- _TASK DETAILS_
All that is wanted is the exact text of the lines below from the one with "Auf dem Gelände" through the one with "Delicate pastry shells", inclusive, minus any pictures.
[DATA TO USE Boundary: Start]
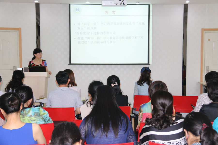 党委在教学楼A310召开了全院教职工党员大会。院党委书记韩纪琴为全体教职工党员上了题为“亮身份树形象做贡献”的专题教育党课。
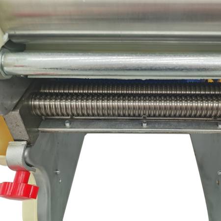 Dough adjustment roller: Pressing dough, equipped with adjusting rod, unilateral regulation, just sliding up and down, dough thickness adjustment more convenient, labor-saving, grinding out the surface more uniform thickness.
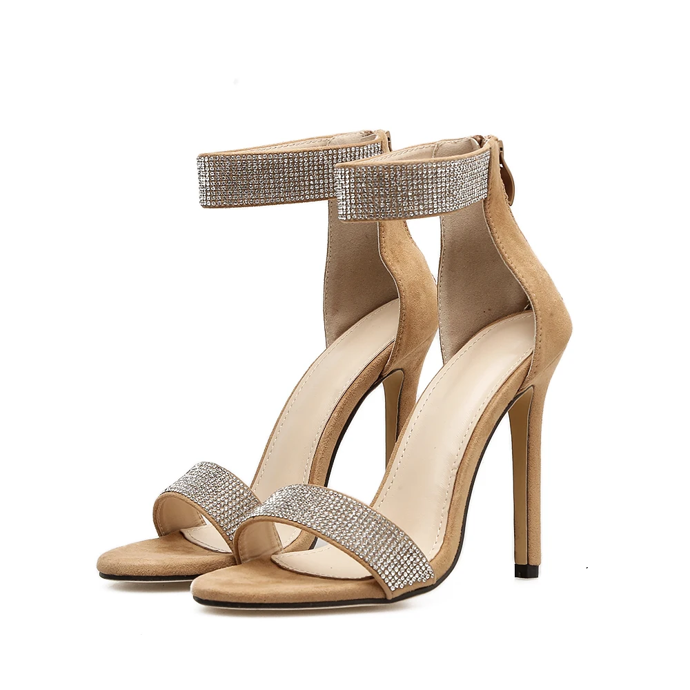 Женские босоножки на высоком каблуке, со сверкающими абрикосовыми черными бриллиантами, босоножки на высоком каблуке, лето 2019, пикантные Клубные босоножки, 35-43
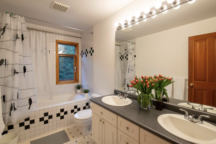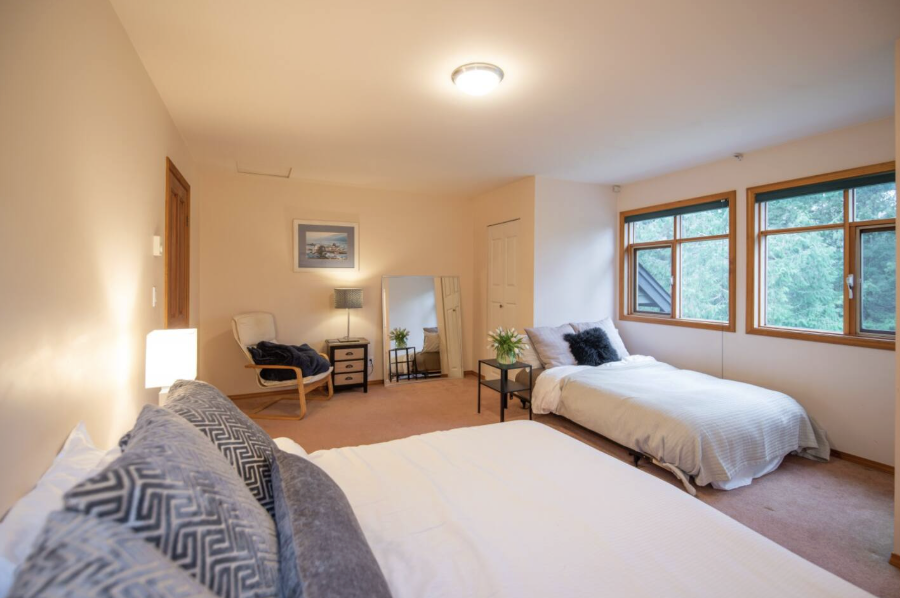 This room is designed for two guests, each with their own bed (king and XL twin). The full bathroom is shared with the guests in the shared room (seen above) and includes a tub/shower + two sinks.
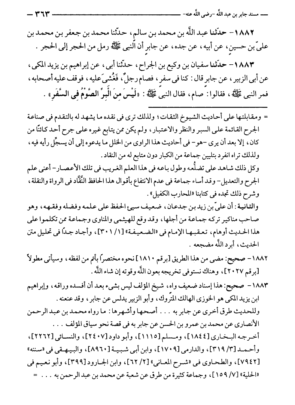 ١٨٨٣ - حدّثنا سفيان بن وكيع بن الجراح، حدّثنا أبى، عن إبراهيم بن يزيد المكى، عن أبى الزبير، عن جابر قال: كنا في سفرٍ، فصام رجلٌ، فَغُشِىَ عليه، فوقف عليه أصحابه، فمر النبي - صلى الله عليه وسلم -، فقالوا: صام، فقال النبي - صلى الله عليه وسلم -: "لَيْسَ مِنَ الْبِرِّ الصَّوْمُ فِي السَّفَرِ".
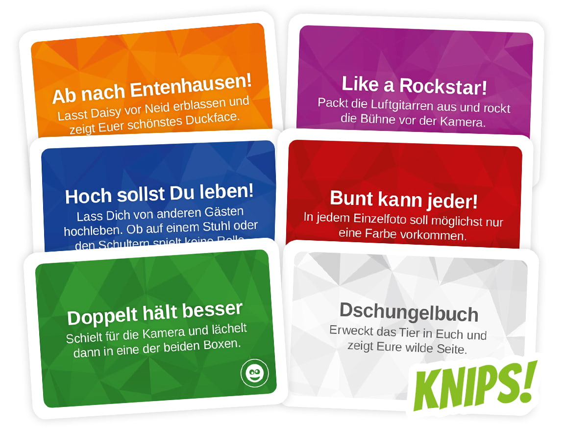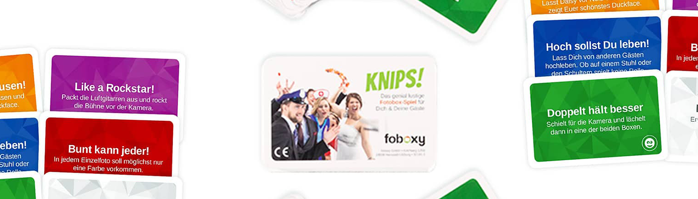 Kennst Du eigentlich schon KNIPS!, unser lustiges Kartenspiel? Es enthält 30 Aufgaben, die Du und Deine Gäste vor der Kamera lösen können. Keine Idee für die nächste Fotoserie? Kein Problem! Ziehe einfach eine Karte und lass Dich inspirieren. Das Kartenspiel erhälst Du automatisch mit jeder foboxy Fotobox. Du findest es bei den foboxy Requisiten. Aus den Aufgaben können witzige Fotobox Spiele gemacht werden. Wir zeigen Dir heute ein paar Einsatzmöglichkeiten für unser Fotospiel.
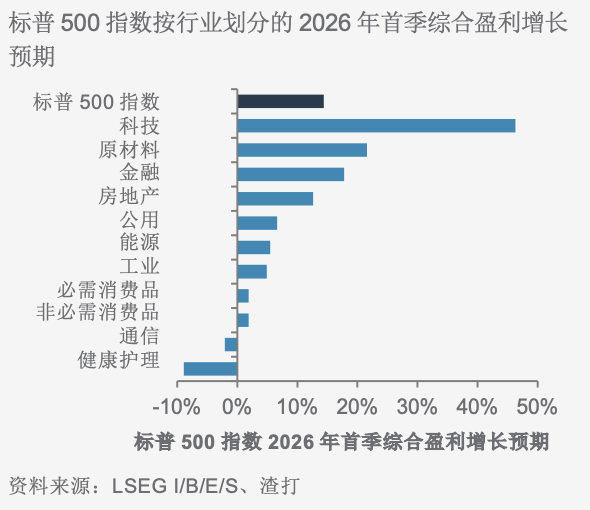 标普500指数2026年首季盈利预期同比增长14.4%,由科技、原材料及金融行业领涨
[DATA TO USE Boundary: End]
[DATA TO USE Boundary: Start]
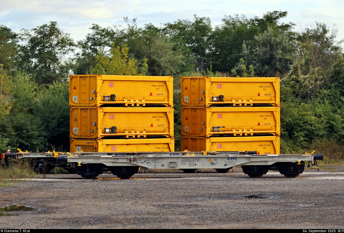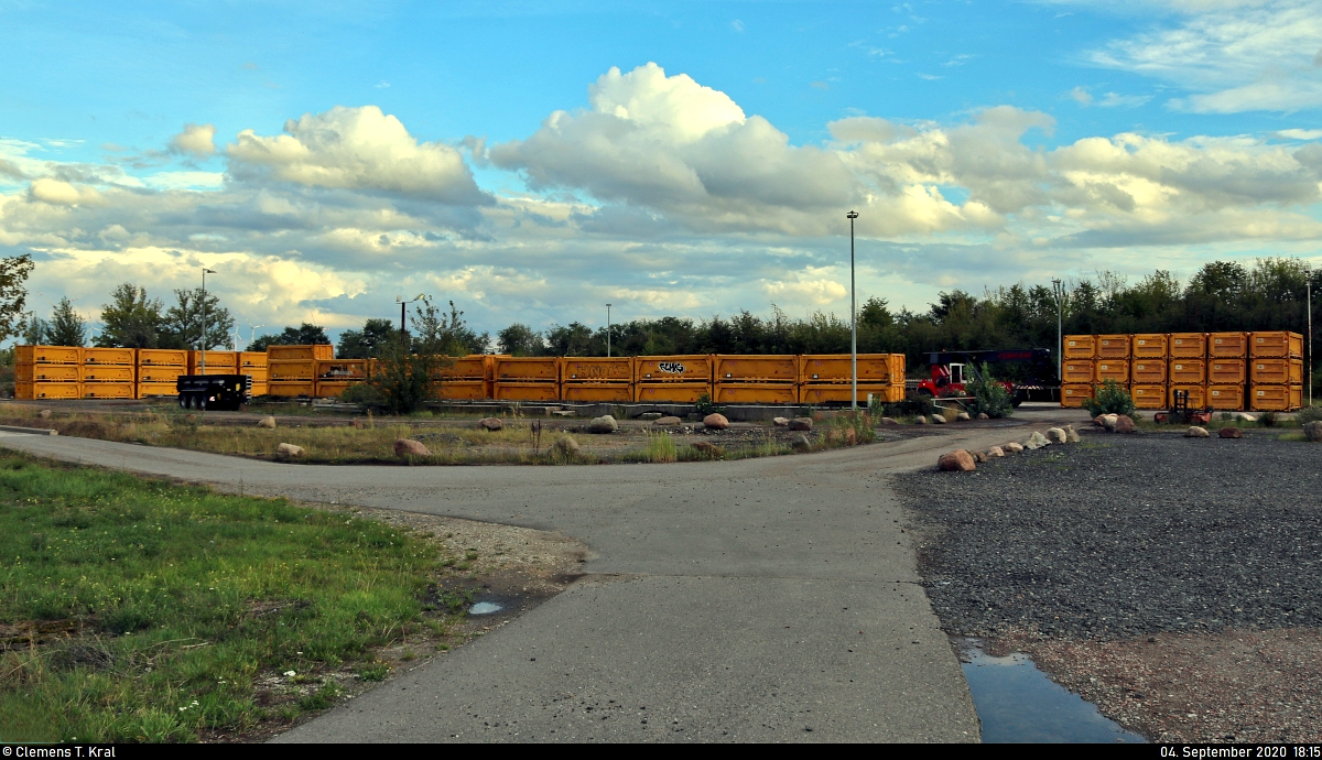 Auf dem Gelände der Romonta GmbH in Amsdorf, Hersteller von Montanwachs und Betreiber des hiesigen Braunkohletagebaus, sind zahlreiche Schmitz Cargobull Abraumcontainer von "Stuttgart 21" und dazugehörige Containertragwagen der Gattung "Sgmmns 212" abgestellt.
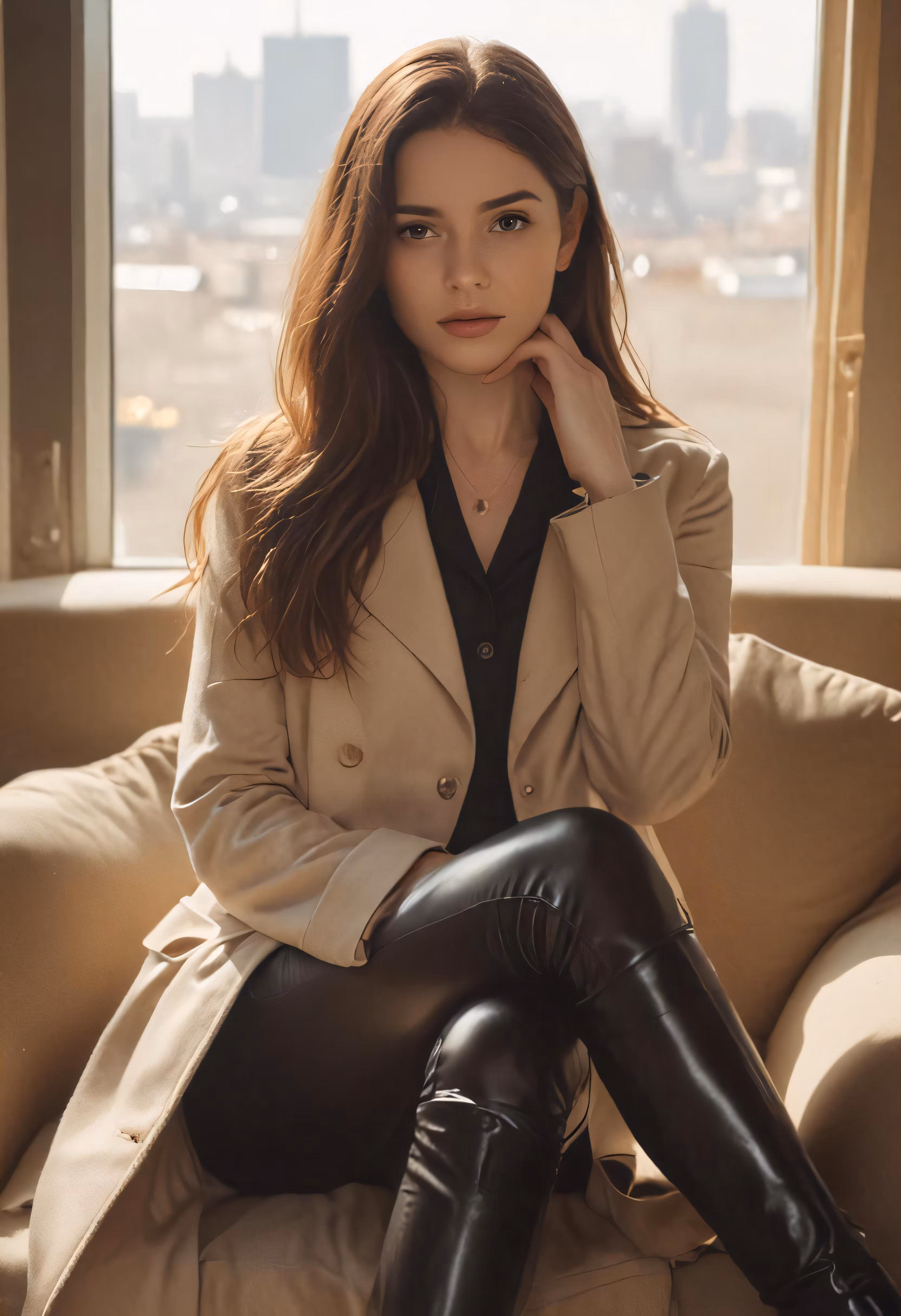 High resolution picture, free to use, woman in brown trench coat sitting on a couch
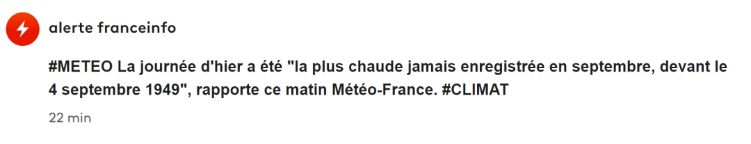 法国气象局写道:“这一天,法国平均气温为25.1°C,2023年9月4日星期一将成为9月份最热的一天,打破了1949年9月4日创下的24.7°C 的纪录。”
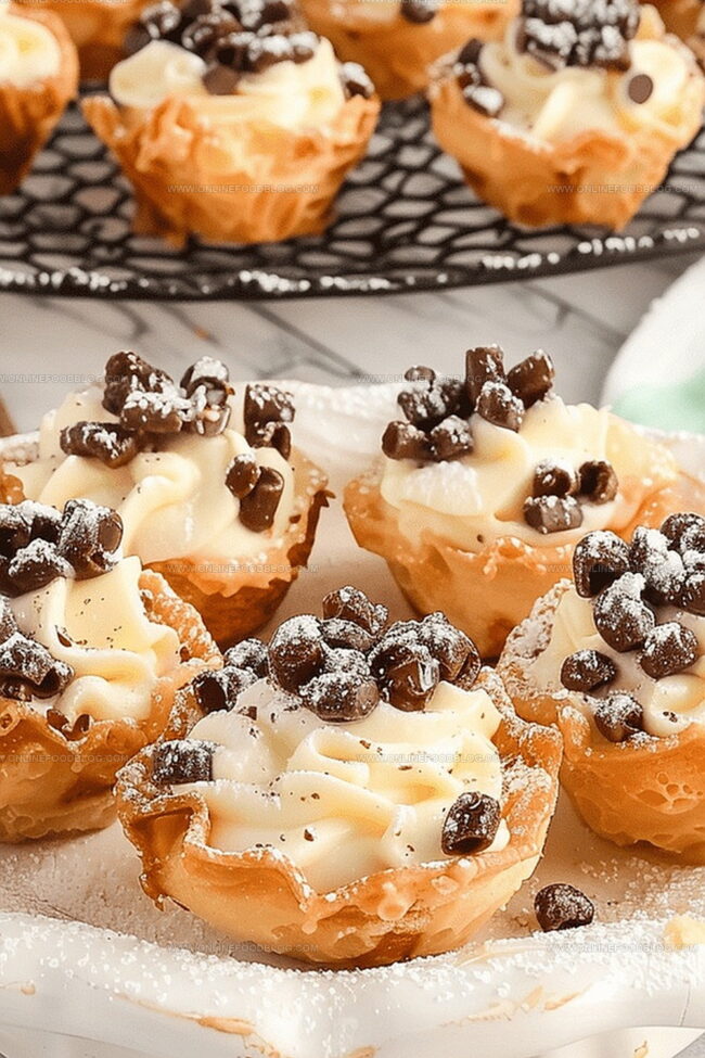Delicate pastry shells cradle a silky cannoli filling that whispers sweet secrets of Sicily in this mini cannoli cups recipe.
[DATA TO USE Boundary: End]
[DATA TO USE Boundary: Start]
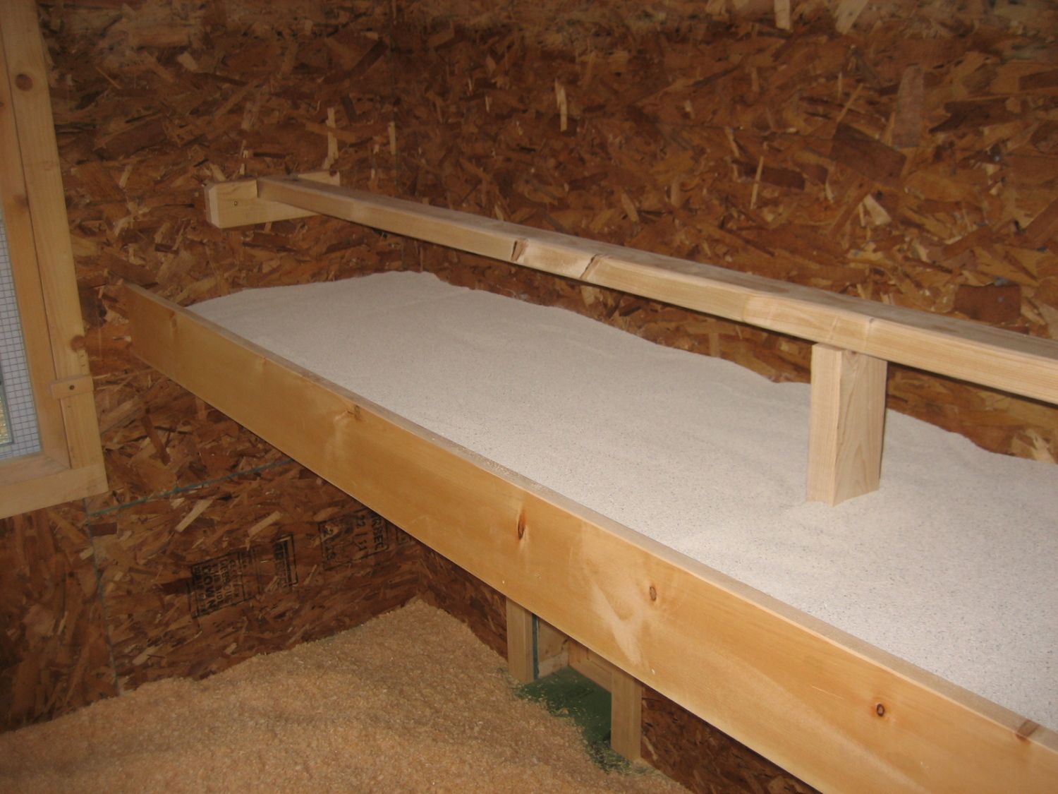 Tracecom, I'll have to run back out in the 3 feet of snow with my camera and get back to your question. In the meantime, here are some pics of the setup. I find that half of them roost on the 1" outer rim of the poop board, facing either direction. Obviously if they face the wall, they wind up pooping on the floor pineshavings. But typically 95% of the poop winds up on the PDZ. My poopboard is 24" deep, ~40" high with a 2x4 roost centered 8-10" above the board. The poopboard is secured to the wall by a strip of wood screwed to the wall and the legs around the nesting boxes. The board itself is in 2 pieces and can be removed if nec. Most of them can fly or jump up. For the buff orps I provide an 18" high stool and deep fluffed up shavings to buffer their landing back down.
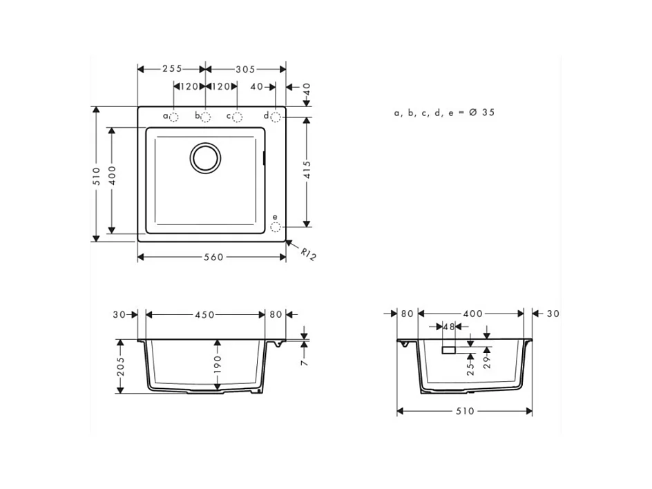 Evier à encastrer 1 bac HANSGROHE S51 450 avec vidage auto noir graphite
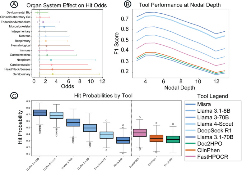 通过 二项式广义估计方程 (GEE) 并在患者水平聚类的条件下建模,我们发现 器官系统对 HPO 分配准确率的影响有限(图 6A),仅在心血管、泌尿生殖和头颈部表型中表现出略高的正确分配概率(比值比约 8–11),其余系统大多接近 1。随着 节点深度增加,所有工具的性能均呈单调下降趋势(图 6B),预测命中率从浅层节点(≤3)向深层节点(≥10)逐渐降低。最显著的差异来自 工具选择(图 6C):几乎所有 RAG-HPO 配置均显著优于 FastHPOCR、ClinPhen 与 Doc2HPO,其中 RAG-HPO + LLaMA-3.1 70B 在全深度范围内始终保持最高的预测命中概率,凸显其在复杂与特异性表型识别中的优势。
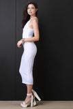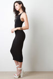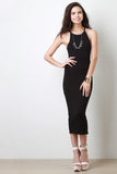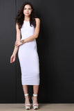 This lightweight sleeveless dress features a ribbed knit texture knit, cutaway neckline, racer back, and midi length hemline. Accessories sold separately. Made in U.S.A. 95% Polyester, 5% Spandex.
[DATA TO USE Boundary: End]
- _ANSWER BELOW_
 Auf dem Gelände der Romonta GmbH in Amsdorf, Hersteller von Montanwachs und Betreiber des hiesigen Braunkohletagebaus, sind zahlreiche Schmitz Cargobull Abraumcontainer von "Stuttgart 21" und dazugehörige Containertragwagen der Gattung "Sgmmns 212" abgestellt.
 High resolution picture, free to use, woman in brown trench coat sitting on a couch
 法国气象局写道:“这一天,法国平均气温为25.1°C,2023年9月4日星期一将成为9月份最热的一天,打破了1949年9月4日创下的24.7°C 的纪录。”
Delicate pastry shells cradle a silky cannoli filling that whispers sweet secrets of Sicily in this mini cannoli cups recipe.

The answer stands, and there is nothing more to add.